--- To do ---
What you submit must be an exact copy of the listing below, with no images in it.
Given information section start
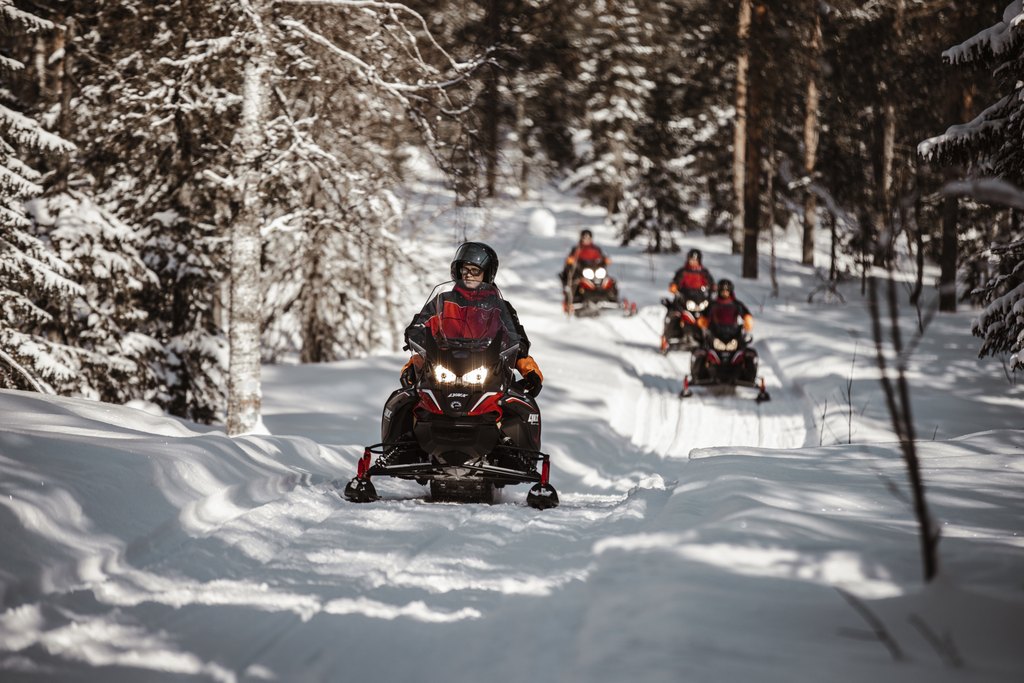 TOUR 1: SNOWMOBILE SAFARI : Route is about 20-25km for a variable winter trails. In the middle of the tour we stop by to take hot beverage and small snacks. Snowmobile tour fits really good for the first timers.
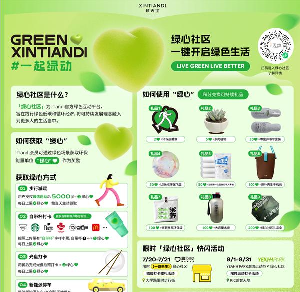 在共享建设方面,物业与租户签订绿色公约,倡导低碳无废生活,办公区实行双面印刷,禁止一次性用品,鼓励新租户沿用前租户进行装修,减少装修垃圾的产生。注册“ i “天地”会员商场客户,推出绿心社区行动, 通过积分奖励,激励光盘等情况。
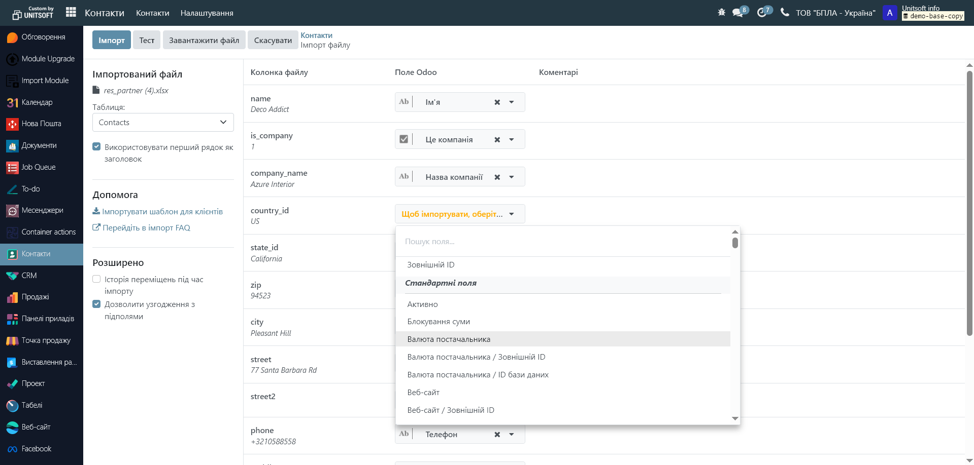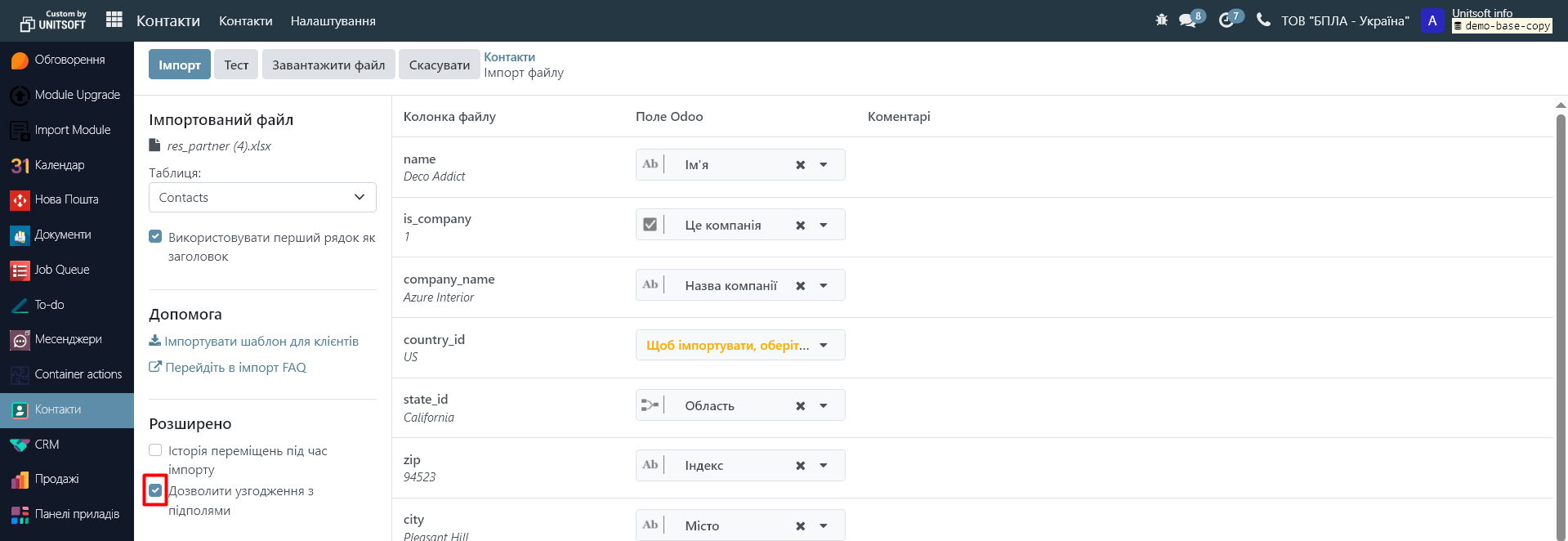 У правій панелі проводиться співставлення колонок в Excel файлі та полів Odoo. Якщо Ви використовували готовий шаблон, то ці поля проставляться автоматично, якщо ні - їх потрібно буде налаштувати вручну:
Given information section end
--- Task result ---
 TOUR 1: SNOWMOBILE SAFARI : Route is about 20-25km for a variable winter trails. In the middle of the tour we stop by to take hot beverage and small snacks. Snowmobile tour fits really good for the first timers.
 在共享建设方面,物业与租户签订绿色公约,倡导低碳无废生活,办公区实行双面印刷,禁止一次性用品,鼓励新租户沿用前租户进行装修,减少装修垃圾的产生。注册“ i “天地”会员商场客户,推出绿心社区行动, 通过积分奖励,激励光盘等情况。
 У правій панелі проводиться співставлення колонок в Excel файлі та полів Odoo. Якщо Ви використовували готовий шаблон, то ці поля проставляться автоматично, якщо ні - їх потрібно буде налаштувати вручну:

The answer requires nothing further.